Answers to September 2006 Ask Monty Questions
Question: I have a 36 year old horse and for three years I have had a problem with him. Every time I walk my stallion with a halter only to a venue to work with him, he just stands still on the road or in front of the door. I have the feeling he does not respect me. When my teacher, who has helped me learn to ride the horse, walks behinds the two of us, he just walks in the hall right away. But if my friend does the same and urges him to move, my horse only makes one step.
He does not only threaten to kick people, he does it! My friend has had an accident with this horse already. Could you please help?
Monty's Answer: At 36 years of age, most scientists would agree the horse is well into his nineties by human standards. No matter how difficult “Great-grandfather” seems to be, the family generally doesn’t discuss ways to re-train him. There comes a time for every person and every horse that responsibilities are a thing of the past and retirement is well earned in our 90s. I will do this old horse no favour if I started discussing ways to improve his behaviour.
Green grass, fresh water and a loving person to groom and care for him is all this old fellow needs at this time and all I would recommend for him. When you have a similar problem with a horse of an age more reasonable for training then you will find me recommending my Dually Halter and the DVD that goes with it.
-Monty
(see more questions)
Question: When I attend a competition, my jumper is ok when she is with other horses. However, when she comes to the place where we have to perform, she will be fearful immediately and does not trust her self to jump.
A horse stressed by a competition, exaggerated by my tension, sounds logical to me. But I have never experienced such a reaction from other horses.
I can not punish her for this behaviour because it would make her more fearful. Would it be possible that this behaviour is caused by her being separated from the other horses?
At home she does not like to be alone, but she normally gets used to it and becomes quieter.
Monty's Answer: It may be that Separation Anxiety is exasperating this problem. I have covered this thoroughly in my book, From My Hands to Yours, chapter 10 on Imprinting Good Behavior.
If it is Performance Anxiety, it seems to me that you have a very clever horse. In fact, it almost seems as though he can read the newspaper, or the horse magazine that lists the upcoming horse events!
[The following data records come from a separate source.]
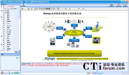 作為最早將3G語(yǔ)音視頻技術(shù)引入中國(guó)的世界級(jí)技術(shù)提供商,Dialogic在語(yǔ)音應(yīng)用和3G視頻一直具有領(lǐng)先競(jìng)爭(zhēng)力。在此次“基于3G視頻呼叫的多媒體業(yè)務(wù)及方案”網(wǎng)絡(luò)研討會(huì)上,Dialogic中國(guó)區(qū)技術(shù)總監(jiān)陳益斌,以音視頻的在線直播方式,親身向與會(huì)觀眾講解Dialogic基于3G視頻呼叫的業(yè)務(wù),以及與3G數(shù)據(jù)業(yè)務(wù)的區(qū)別等前瞻3G視頻技術(shù)。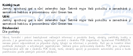 Jemný sprchový gel s vůní zeleného čaje. Šetrně myje Vaši pokožku a zanechává ji sametově hebkou a provoněnou vůní Green tea.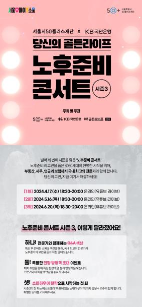 행복하고 안정적인 은퇴 후 인생을 준비하고 싶지만 시간과 정보가 부족해 막막한 4050 중장년 세대를 위해 서울시50플러스재단과 KB국민은행이 ‘노후준비 콘서트 시즌3’를 개최한다.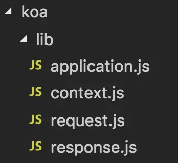 上图是koa2的源码目录结构的lib文件夹,lib文件夹下放着四个koa2的核心文件:application.js、context.js、request.js、response.js。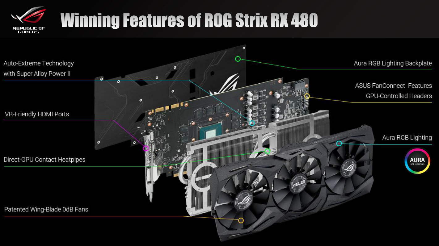The Asus RX 480 Strix Gaming OC is a triple fan cooler and much more substantial than the wimpy AMD reference card, featuring a cheap plastic shroud and single blower style fan. Asus have even equipped the card with a backplate.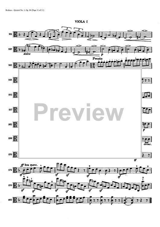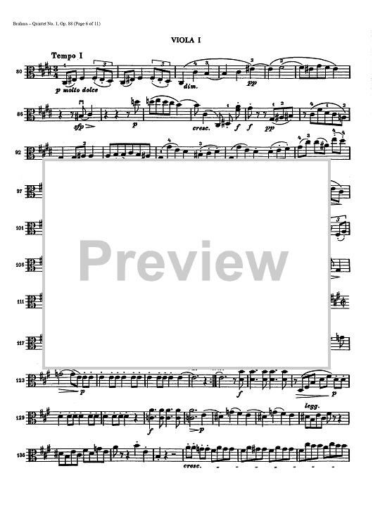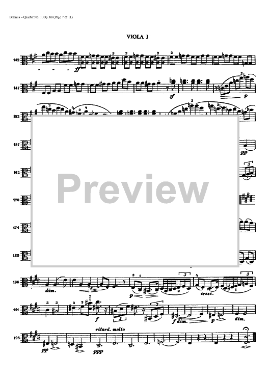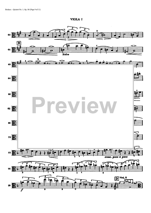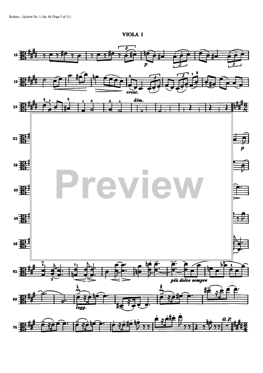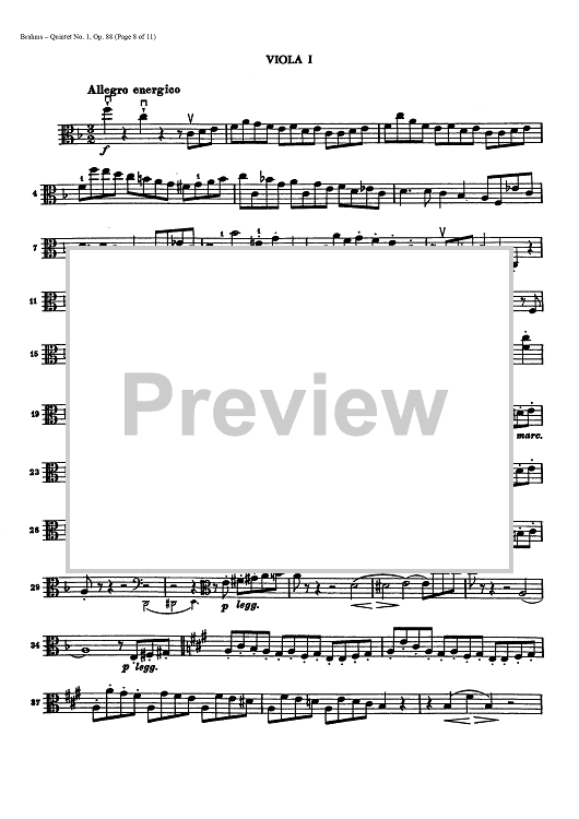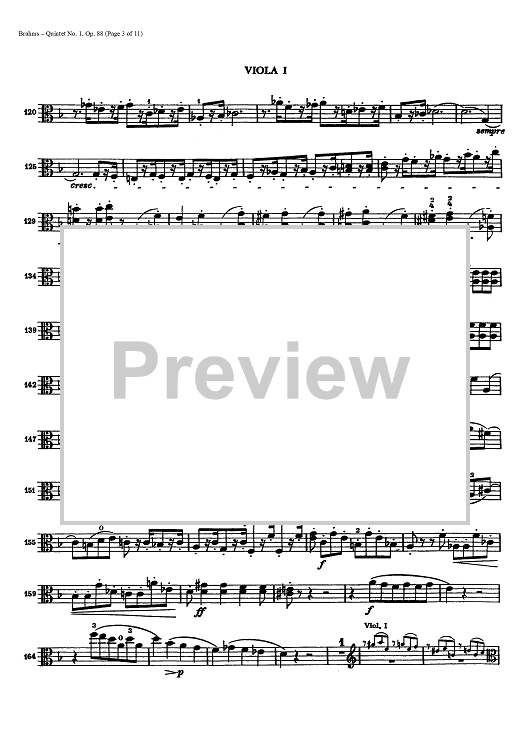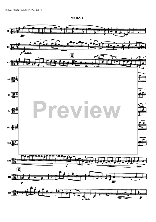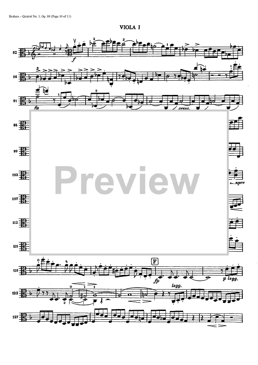 Digital Sheet Music for Quintet No. 1 - Op. 88 - Viola 1 by , Johannes Brahms scored for String Quintet; id:437944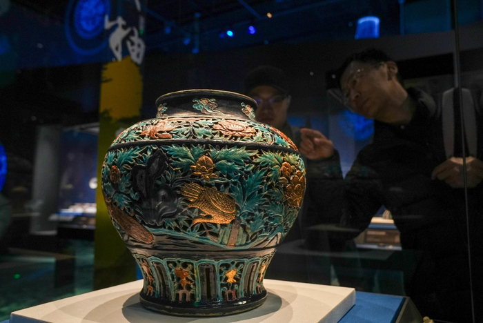 沿着展线前行,“走进沉船”单元中,两艘明代“宝船”依次揭开面纱,377组件出水文物,再现明代中期海上丝绸之路的繁华盛景。一批珐华彩瓷器无疑是展厅里的“明星”,围满了观看、拍照的观众。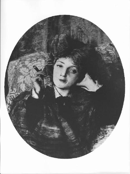- NOTIZIE STORICO CRITICHE Il dipinto, presentato all'annuale esposizione dell'Accademia di Brera nel 1871 assieme a due soggetti carnevaleschi , fu presumibilmente acquistato, in quella occasione da Francesco Pagnoni, affermato tipografo milanese, il quale formò la propria collezione tra la fine degli anni sessanta dell'Ottocento e l'inizio del decennio successivo. Il nucleo maggiore della sua raccolta era costituito dalla galleria dei ritratti di famiglia e di alcune opere significative quali "L'inaugurazione del Collegio Tipografico Pagnoni" di Sebastiano De Albertis e "Il Passatempo" che vennero destinate, con testamento olografo del 1875, all'Orfanotrofio femminile delle Stelline. La cospicua donazione fu poi esposta nel 1877, anno della morte del benefattore, nel Palazzo delle Stelline di Corso Magenta a Milano, in un piccolo museo a lui dedicato. \nIl dipinto, realizzato da Filippo Carcano, si pone alla fine di un decennio in cui l'artista si è dedicato interamente a un'attenta ricerca linguistica improntata sulla resa del vero attraverso lo studio della luce e degli effetti luminosi e l'utilizzo di colori saturi annullanti il disegno e il chiaroscuro accademici. \nL'opera, insieme ad altri dipinti del Carcano di questi anni, si pone in una sorta di crocevia del percorso dell'artista il quale, proprio a partire dagli anni settanta dell'Ottocento, si dedicò sempre più costantemente alla pittura di paesaggio che gli consentiva un diretto confronto con il vero e con lo studio dei fenomeni ottici ai quali si era interessato fin dagli esordi.\nIl dipinto fu presentato all'esposizione dell'Accademia di Brera di Milano nel 1871 e puntualmente recensito su "Il Sole", 23-09-1871 n.231, p.1, dall'avvocato Krumm come "il passatempo nel quale è rappresentata una mezza figura di donna in atto di fumare un zigaretto. E' questo un dipinto in cui rivelasi somma potenza di colorito e bontà di disegno, ma non v'ha ombra di idealità che interessi; per cui puossi dire che si riduce a un pure e semplice ritratto d'un modello qualsiasi ch'egli ebbe davanti" .\nLa forza di questa immagine risiede nella capacità di rappresentare il reale, il quale è proposto con un'inquadratura nuova: una donna matura, abbigliata in aggraziate vesti femminili, è ritratta mentre assapora il tabacco del sigaro con aria svogliata e languida. E' assorta, incurante dell'istantanea che le è stata "scattata". La luce proveniente dalla parte destra in alto fa risaltare le bianche volute di fumo che si disperdono tra i bianchi ramages della poltrona e tra i capelli ingrigiti che le incorniciano il volto pallido e assorto. Una luminosità più rarefatta investe, invece, il bordo inferiore dell'ovale nel quale risaltano i colori cangianti dell'abito verde, il piccolo fiocco blu cobalto e i riflessi delle frange dello scialle che, coloratissimi, contrastano con i filamenti grigio-argentei presenti nella parte superiore della tela. \nLa modella non può essere iconograficamente accostabile ai ritratti degli altri donatori e benefattrici: fa parte di quel gruppo di opere esposte arrivate nella pinacoteca gratulatoria in quanto parte di una collezione interamente ereditata.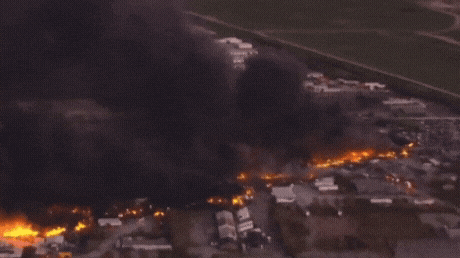 爆炸波及周围数公里的建筑,航拍画面显示飞机经过的一条线都燃起大火。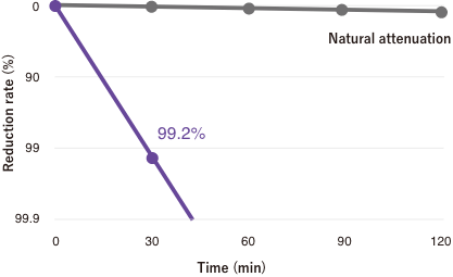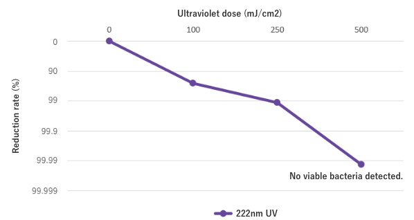- *2Mold solution (0.5 mL) was dropped onto plastic dishes, and irradiation experiments were conducted using ultraviolet light with a wavelength of 222 nm and irradiation dosages of 100, 250, and 500 mJ/cm2. After ultraviolet irradiation, the bacterial solution was applied to agar medium and incubated at 25°C for 72 hours. The number of colonies was then counted to evaluate the disinfection effect. The attenuation rates (N=2) was plotted. References are as follows.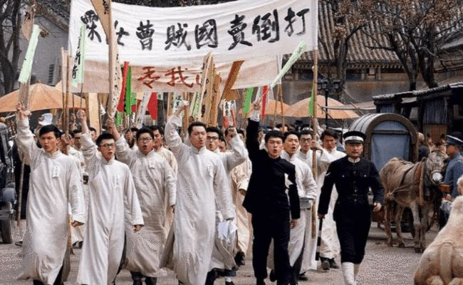 ▲5月4日下午,北京大学等13所学校3000多名学生,冲破军警的阻挠到天安门前集会演讲、游行示威,提出“外争主权,内除国贼”、“取消二十一条”“拒绝签字”等口号。(图为电视剧《觉醒年代》剧照)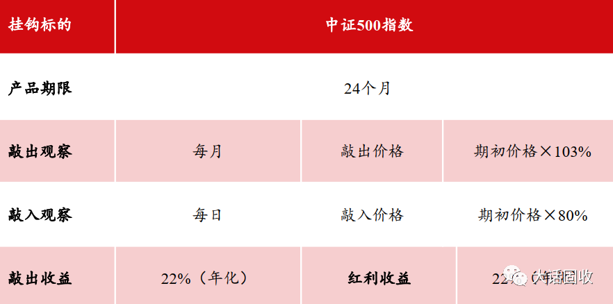 這個產(chǎn)品里面,“西瓜”就是“中證500指數(shù)”。敲出和敲入的價格設置為期初價格的103%和80%;“打賭”的收益率定的是22%。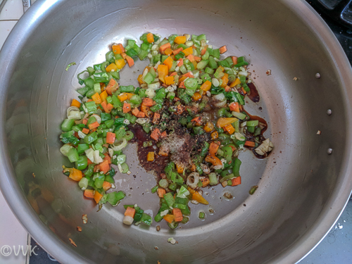 - We need the veggies to be crunchy, so after two minutes add the sauces and condiments. So add the salt, sugar, soy sauce, pepper and stir well.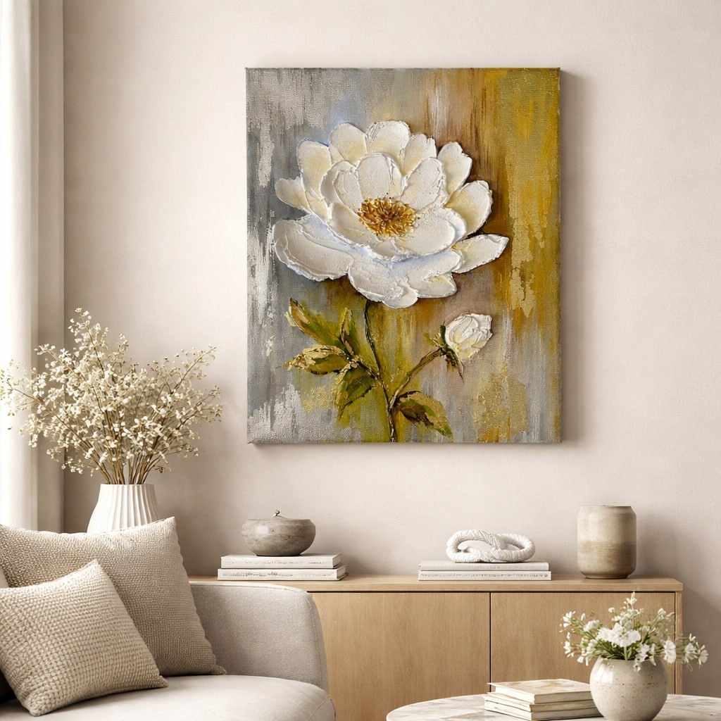 😍 Перед вами картина "Белый цветок" 🌸 Техника: фактурная живопись На этой работе вы: • научитесь создавать объёмные лепестки • освоите работу с текстурой • создадите выразительную композицию Фактура делает картину объёмной и живой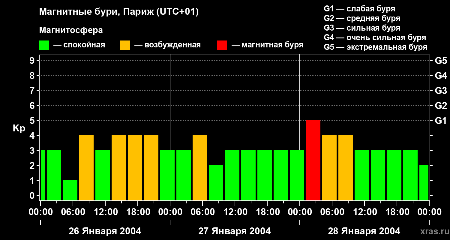 Изменения геомагнитного индекса Kp с 26 по 28 января 2004 года для средних широт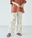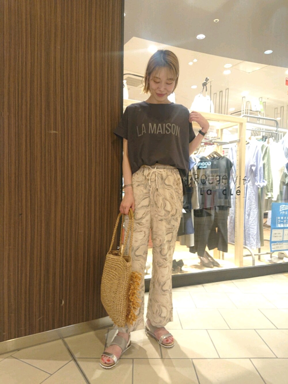 夏のロゴTコーデ👒柄のパンツでリラックスムード👡Tシャツのカラーをホワイトではなく、あえてチャコールグレーにすることで大人カジュアルに😌🖤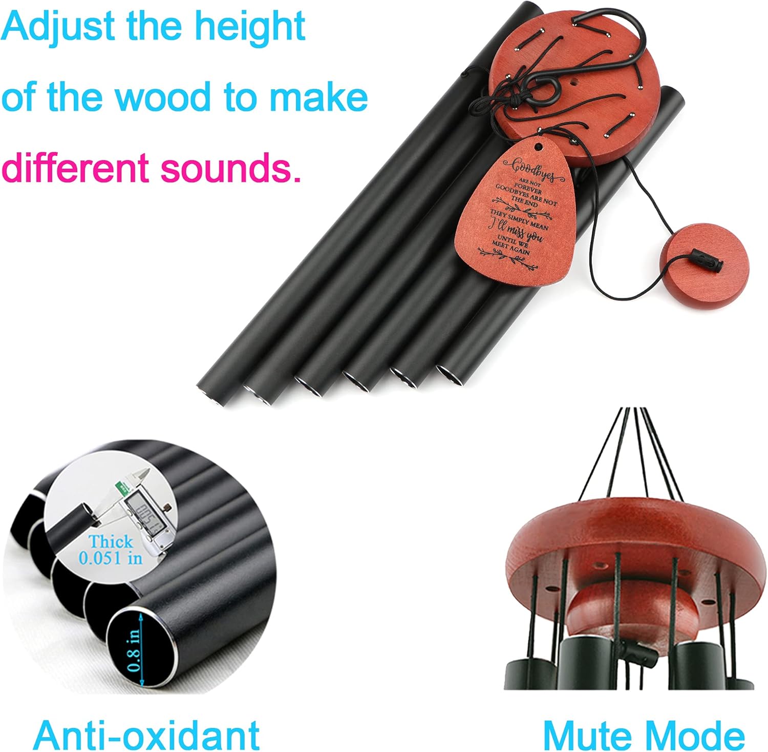 • Premium Quality Memorial Wind Chimes: Made with high-quality aluminum tubes and a corrosion-resistant black anodized finish, these memorial wind chimes produce clear, beautiful tones. The bell holder, striker, and wind catcher are made from durable beech wood, and the entire structure is supported by a strong, weather-resistant nylon cord for lasting outdoor use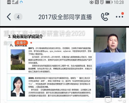 商务策划学院高度重视研究生招生宣传工作,在当前疫情防控的特殊背景下,想方设法利用网络新媒体扩大学院的2021年研究生招生宣传。2020年4月11日上午,学院与河南师范大学商学院合作开展了考研宣讲会。会议由主管研究生教育的副院长詹川主持,研究生秘书吕远飞老师、2017级研究生李肖依同学参加了宣讲会。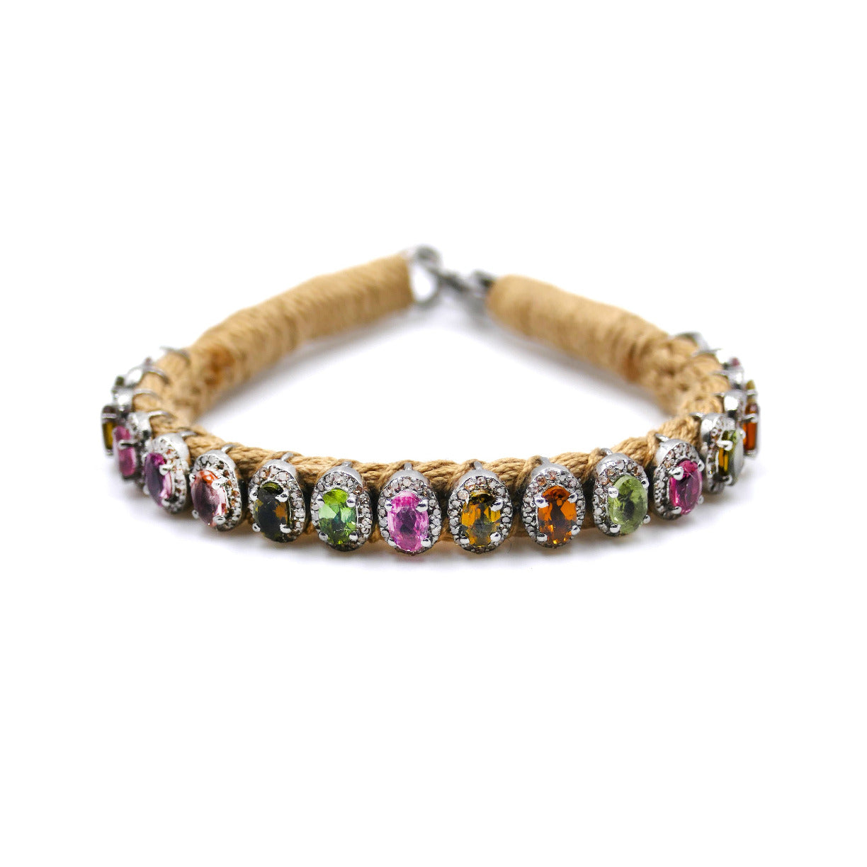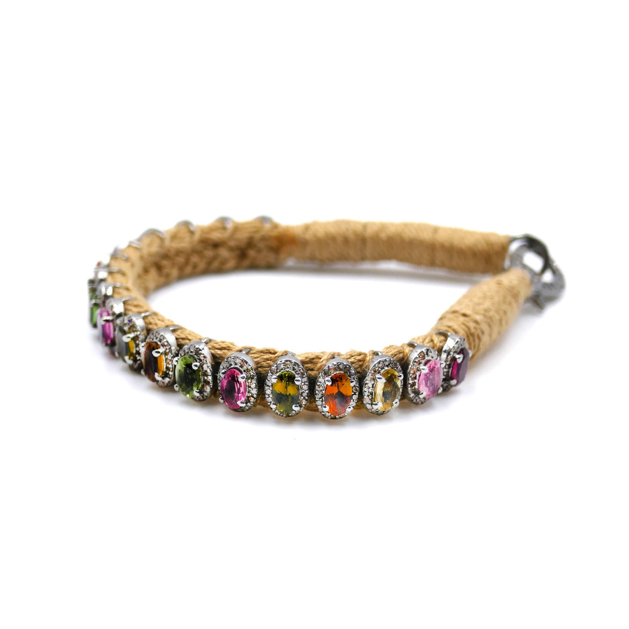 Bracelet en fil de coton tressé de couleur camel, décoré d’un motif en argent 925 et serti d’une multitude de diamants. Il est également décoré de splendides Tourmalines multicolores.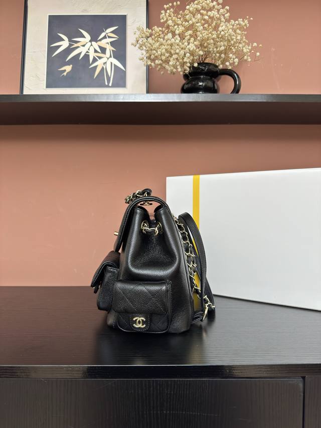 图片大号 Chanel 23K 背包双肩包 DDD As4398#黑色球纹浅金独家背景 DDD 实物实拍顶级质量货尺寸21.5*19.5*12Cm DDD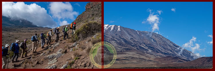After breakfast, hike to Barranco (3950 m) skirting just below Lava Tower - you will be walking at approx altitude of 4000 m around the southern side of the Kibo.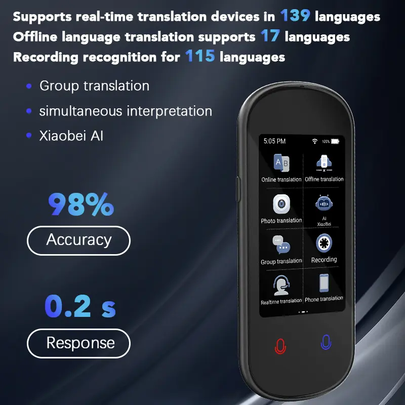 Instant Voice Translation With simultaneous interpretation, you can understand and be understood by anyone. Immerse yourself in the conversation with our instant offline language translation device. The language translation device can also convert the recording to text and translate it into other languages at the same time.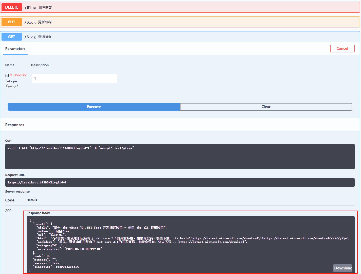 上一篇文章使用自定义仓储完成了简单的增删改查案例,有心的同学可以看出,我们的返回参数一塌糊涂,显得很不友好。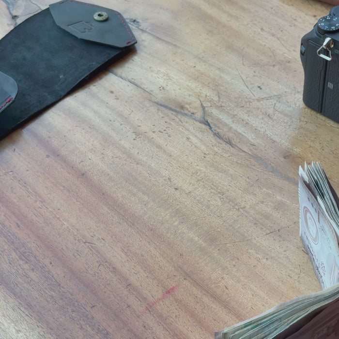 The rich matte black leather finish delivers a timeless aesthetic that never goes out of style. Its versatile look pairs effortlessly with both casual and formal outfits. Over time, the leather develops a unique patina, making each wallet truly one of a kind.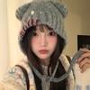 Forlatt bjørnedukkehatt søt retro denim beret knapphull øre ansikt liten brodert hatt.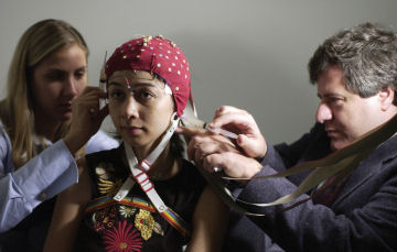 In recent years, insight research has entered a charged new realm. Investigators now track electrical activity in the brain linked to “Aha!” moments. Brain scanners work too slowly to track split-second neural gyrations that precede such revelations. Instead, volunteers wear nets of electrodes over their heads. These studded caps measure electrical responses that flicker and flare across the brain’s surface as individuals contemplate difficult word problems.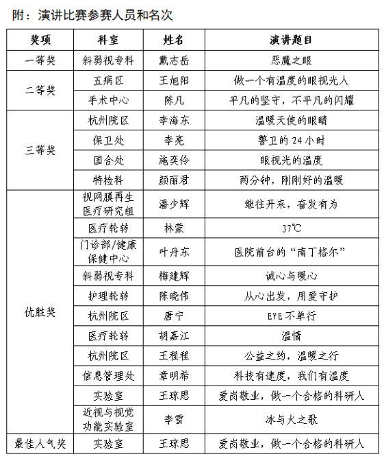 參賽選手秉承“友誼第一、比賽第二”的精神,使得現(xiàn)場慷慨激昂,精彩不斷。評委們通過對演講者的內容架構、肢體表現(xiàn)、形象表現(xiàn)、聲音表現(xiàn)、口才語言、現(xiàn)場效果、時限控制等方面的表現(xiàn)打分,最終由斜弱視專科的戴志岳獲得此次演講比賽一等獎,五病區(qū)的王旭陽和手術中心的陳凡獲得二等獎,杭州院區(qū)的李海東等4人獲得三等獎,信息管理處章明希等11人獲得優(yōu)勝獎,實驗室的王瓊思獲得最佳人氣獎。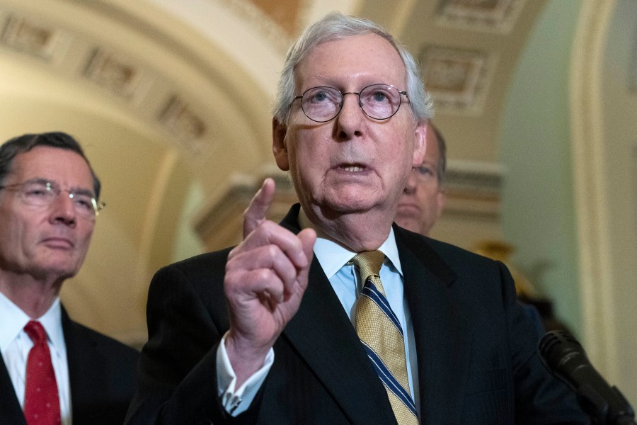 Senate Minority Leader Mitch McConnell, R-Ky., speaks to the media after a GOP policy luncheon on Capitol Hill in Washington, Tuesday, July 20, 2021. (AP Photo/Jose Luis Magana)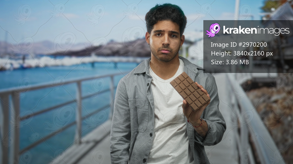 Young hispanic man holding chocolate bar in an open palm with lips pouting while inspecting it on a street waterfront; disappointment.

Obviously, you know that this is not true, so let’s investigate how this phenomenon occurs.
‘Choking’ is reserved for human beings with performance anxiety. It is not within the make-up of a horse to view any special occasion as more important than another and perform badly.
The neocortex, the part of the brain that controls logical emotions such as planning, thinking, and imagining is half the size in the horse’s brain compared to the brain of the human. Horses simply do not have the mental capacity to be capable of experiencing these feelings of performance anxiety.
As we negotiate the calendar of events we plan for ourselves and our horses, we should be well aware of our own mental state working up to, and experiencing, performances away from home. Whether it is a trail ride or a high-level horse show, these are circumstances where we tend to get our own adrenalin up and our pulse rate higher than normal.
The one thing that horses can do far better than any human being is to read the psychological and physiological state of the individuals around them. Mother Nature has provided them with incredible skills to identify potentially dangerous predators in their environment.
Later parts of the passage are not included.